(Beginning of RECORDS SUPPLIED)
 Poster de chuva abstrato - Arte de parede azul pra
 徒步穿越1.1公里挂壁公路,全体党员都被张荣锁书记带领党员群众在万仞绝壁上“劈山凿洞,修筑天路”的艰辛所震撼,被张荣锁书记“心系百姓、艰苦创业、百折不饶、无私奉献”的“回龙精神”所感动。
(End of RECORDS SUPPLIED)
(Beginning of RECORDS SUPPLIED)
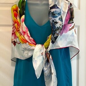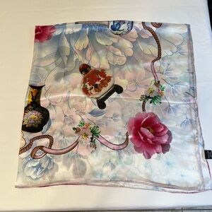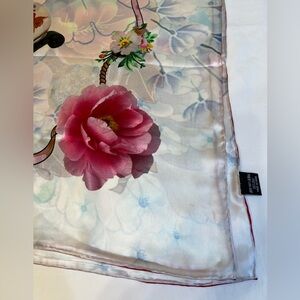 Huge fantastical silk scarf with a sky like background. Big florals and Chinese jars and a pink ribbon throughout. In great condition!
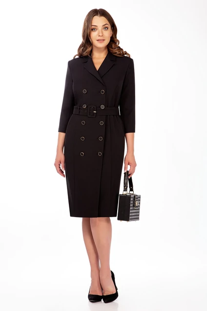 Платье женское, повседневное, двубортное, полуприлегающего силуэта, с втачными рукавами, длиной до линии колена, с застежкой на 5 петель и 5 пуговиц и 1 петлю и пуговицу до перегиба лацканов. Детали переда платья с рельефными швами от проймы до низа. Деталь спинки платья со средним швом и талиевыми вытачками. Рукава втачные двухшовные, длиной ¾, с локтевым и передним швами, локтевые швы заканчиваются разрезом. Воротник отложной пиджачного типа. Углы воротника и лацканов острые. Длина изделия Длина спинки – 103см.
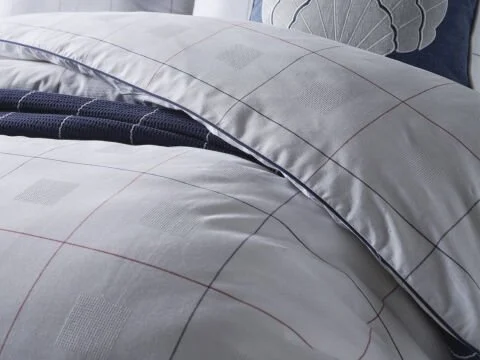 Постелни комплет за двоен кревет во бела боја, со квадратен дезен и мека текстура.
(End of RECORDS SUPPLIED)
(Beginning of RECORDS SUPPLIED)
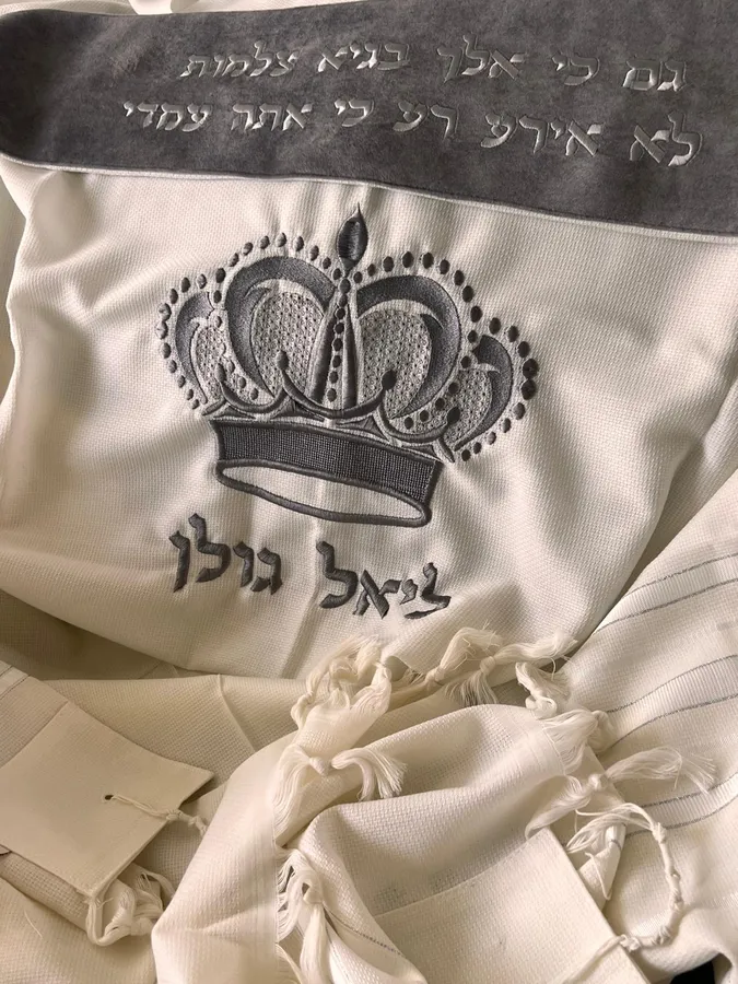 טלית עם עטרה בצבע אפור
(End of RECORDS SUPPLIED)
WORK INSTRUCTION:
Give again exactly, and only, the lines above starting at the one with "Poster de chuva" and ending at the one with "徒步穿越1.1公里挂壁公路,全体党员都被".

THE COMPLETED TASK:
 Poster de chuva abstrato - Arte de parede azul pra
 徒步穿越1.1公里挂壁公路,全体党员都被张荣锁书记带领党员群众在万仞绝壁上“劈山凿洞,修筑天路”的艰辛所震撼,被张荣锁书记“心系百姓、艰苦创业、百折不饶、无私奉献”的“回龙精神”所感动。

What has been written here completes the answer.